Democracy in America: All Volumes

Front Cover
CreateSpace Independent Publishing Platform, Mar 9, 2014 - History - 552 pages
Alexis de Tocqueville's Democracy in America is perhaps the most famous analysis of the social and political structure of the United States in the early 19th century. As a contemporary of the Founding Fathers and a detached objective observer, de Tocqueville is one of the most important political scientists to write about America, and many of his observations on issues like slavery would prove particularly prescient.

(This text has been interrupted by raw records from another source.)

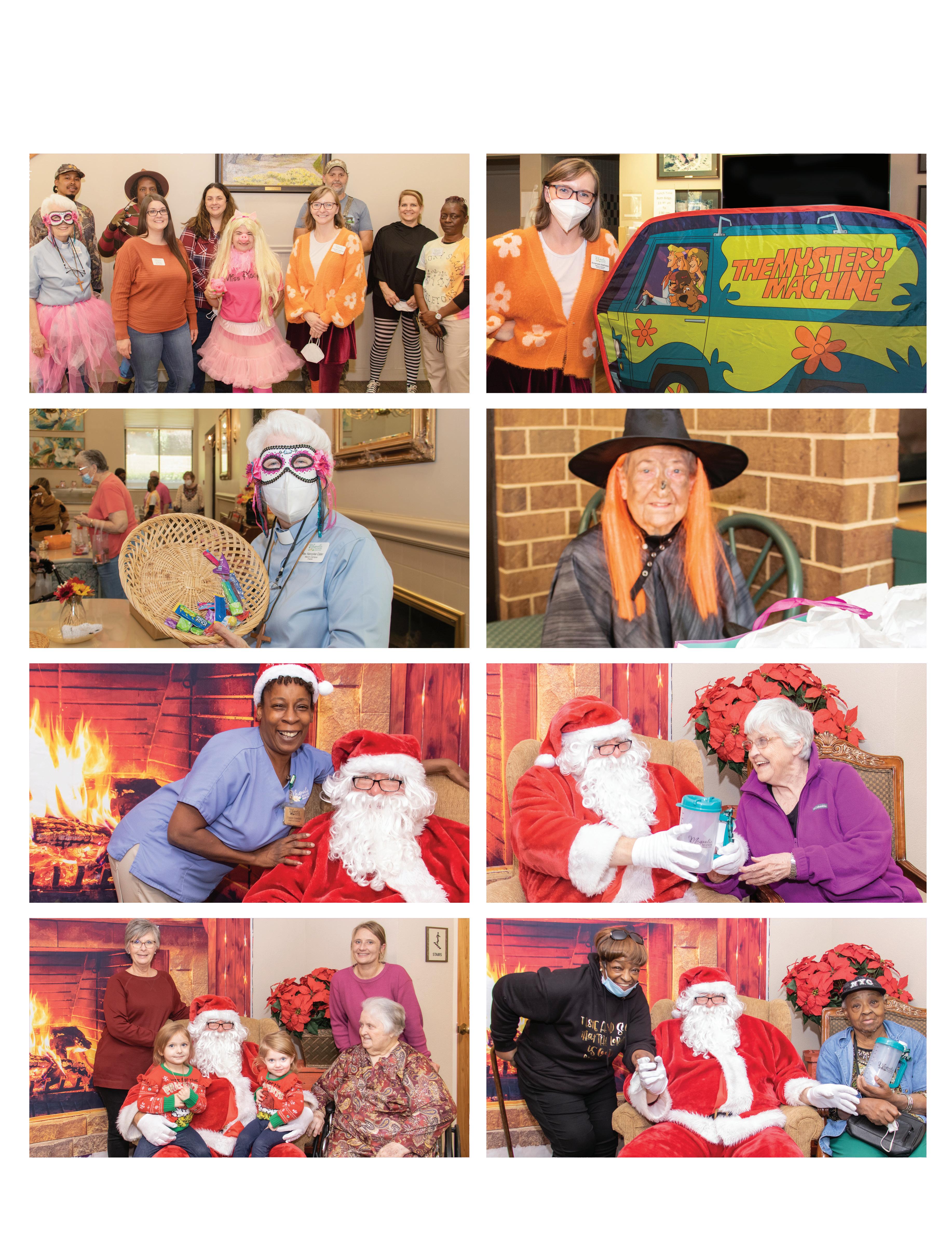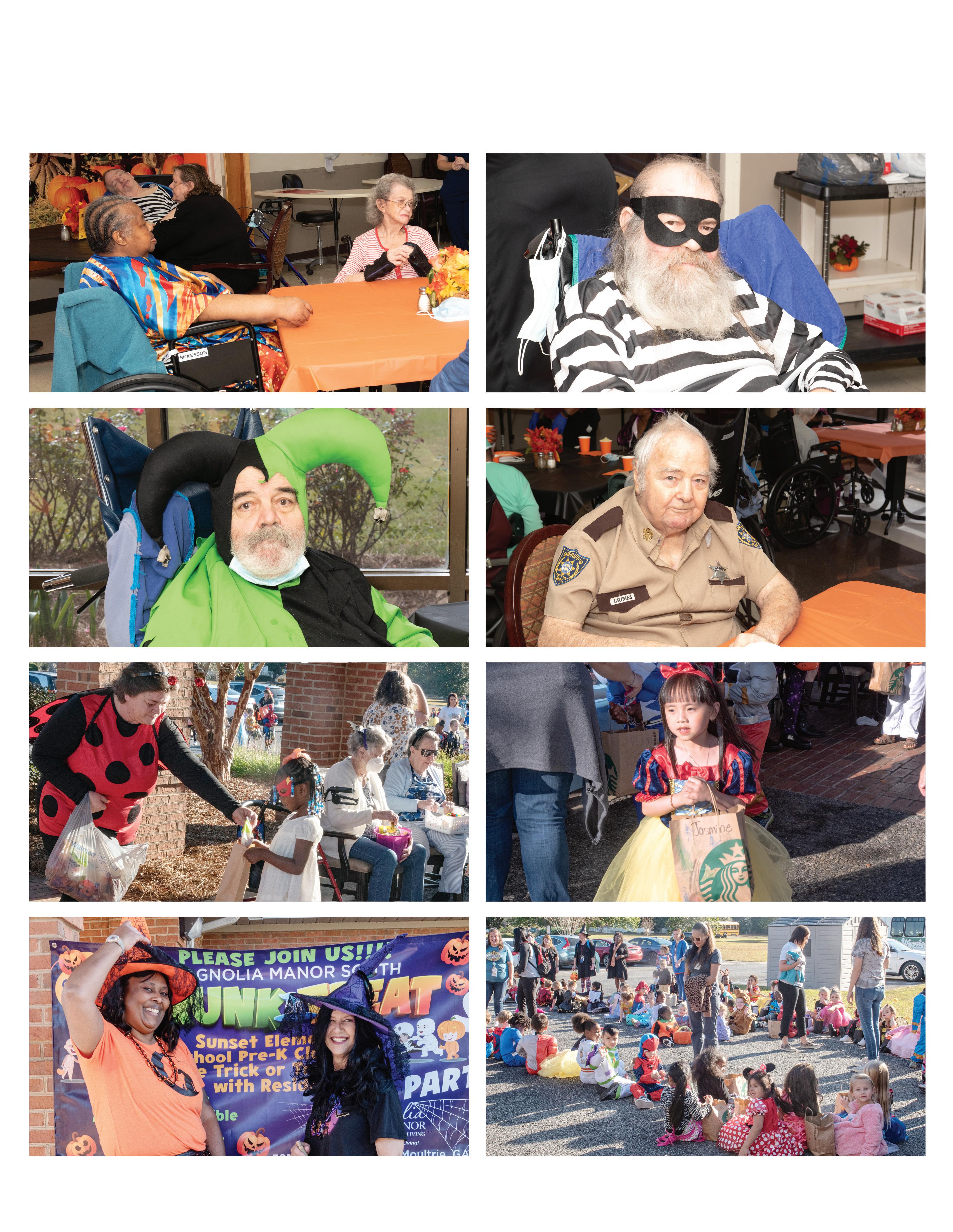 Along with these articles, you will read about others who served our residents well and closed their long careers with Magnolia Manor. This magazine also highlights a staff member who was recognized across the state for her service to our residents at Magnolia Manor of Marion County and staff members who spend an extraordinary amount of time every year turning their campus into a Christmas wonderland for our residents and their community. You will see photos of residents celebrating the changing of seasons with fall festivals, Halloween parties, Veterans Day programs, and other holiday celebrations.
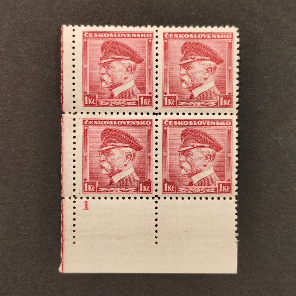 Rohový čtyřblok ČSR, Pof.303**, 1 Kč
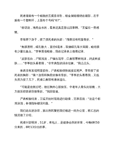 肤……”李筝抬头看着我,“非常典型的溺水征象。”我点点头。
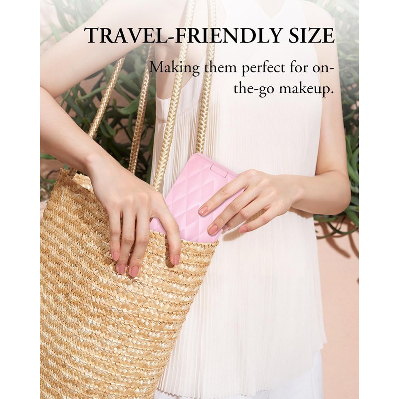 - Professional Makeup Brush Set: This makeup brush set includes an organizer with an LED light mirror, a cleaning cloth, 2 mini makeup puffs, and 16 mini makeup brushes. These include 6 face makeup brushes (foundation brush, powder brush, concealer brush, blending brush, fan blush brush, and nose contour brush) and 10 detail brushes (eye shadow brush, flame highlighter brush, eyebrow brush, eyelash brush, lip brush, mascara brush, etc.). One set of brushes covers all your travel makeup needs.
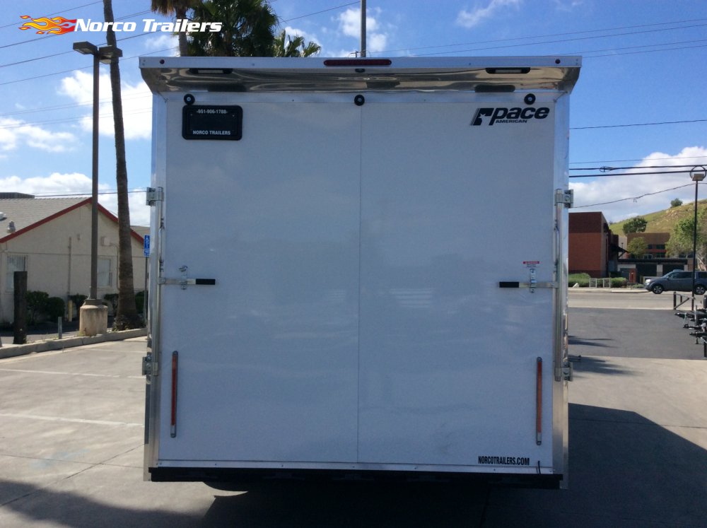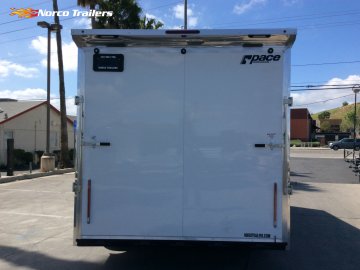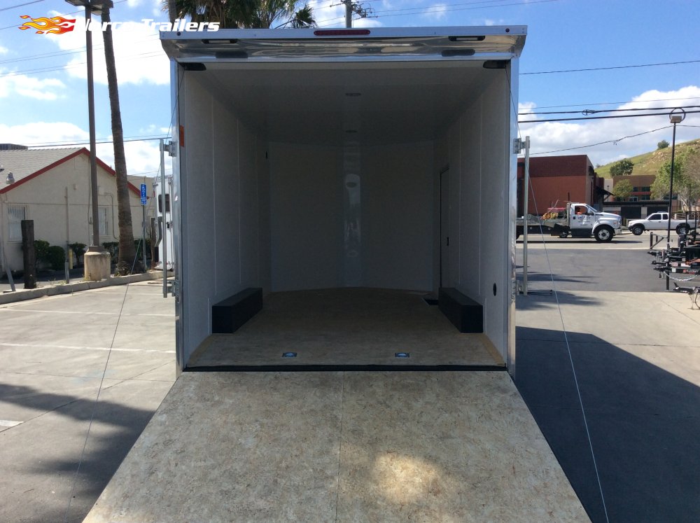 Upgraded with: 96" rear door, 12" extended tongue, Alloy Wheels, Dovetail, Drymax Floor, Drymax Walls, Ramp Door, Rear Load Lights, Screwless Exterior, Side Door, Tie downs, Torsion Suspension, White Vinyl Walls, White Vinyl Ceiling,
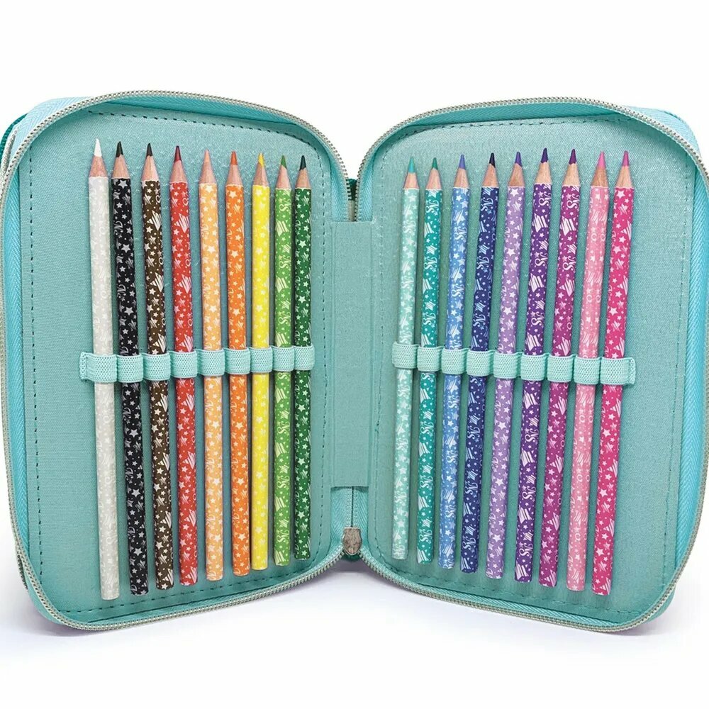 Пенал школьный для девочек Nebulous Stars, с большим наполнением наборов маркеров, карандашей
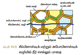 10வது அறிவியல் : அலகு 14 : தாவரங்களின் கடத்துதல் மற்றும் விலங்குகளின் சுற்றோட்டம் : வேர் செல்களில் நீர் செல்லும் வழிமுறைகள் - : 10 ஆம் வகுப்பு
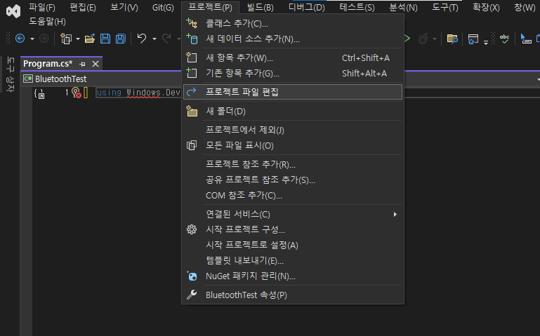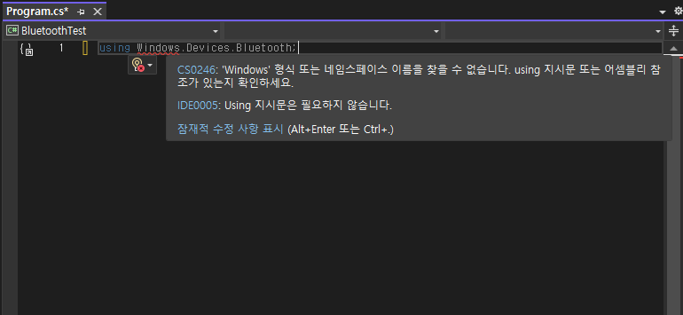 프로젝트가 생성되면 드디어 코드를 작성할 수 있다. 기본적으로 Program.cs 파일이 생성된 것을 확인할 수 있다. 미리 작성되어 있는 코드를 전부 삭제하고, Bluetooth 를 사용하기 위한 코드를 작성해 보자. 위의 문서에서는 Windows.Devices.Bluetooth API 를 사용한다. 해당 네임스페이스를 가져와 보자.

As a result, his seminal work is still considered a must read for anyone interested in American history.

About the author (2014)

French writer and politician Alexis de Tocqueville was born in Verneuil to an aristocratic Norman family. He entered the bar in 1825 and became an assistant magistrate at Versailles. In 1831, he was sent to the United States to report on the prison system. This journey produced a book called On the Penitentiary System in the United States (1833), as well as a much more significant work called Democracy in America (1835--40), a treatise on American society and its political system. Active in French politics, Tocqueville also wrote Old Regime and the Revolution (1856), in which he argued that the Revolution of 1848 did not constitute a break with the past but merely accelerated a trend toward greater centralization of government. Tocqueville was an observant Catholic, and this has been cited as a reason why many of his insights, rather than being confined to a particular time and place, reach beyond to see a universality in all people everywhere.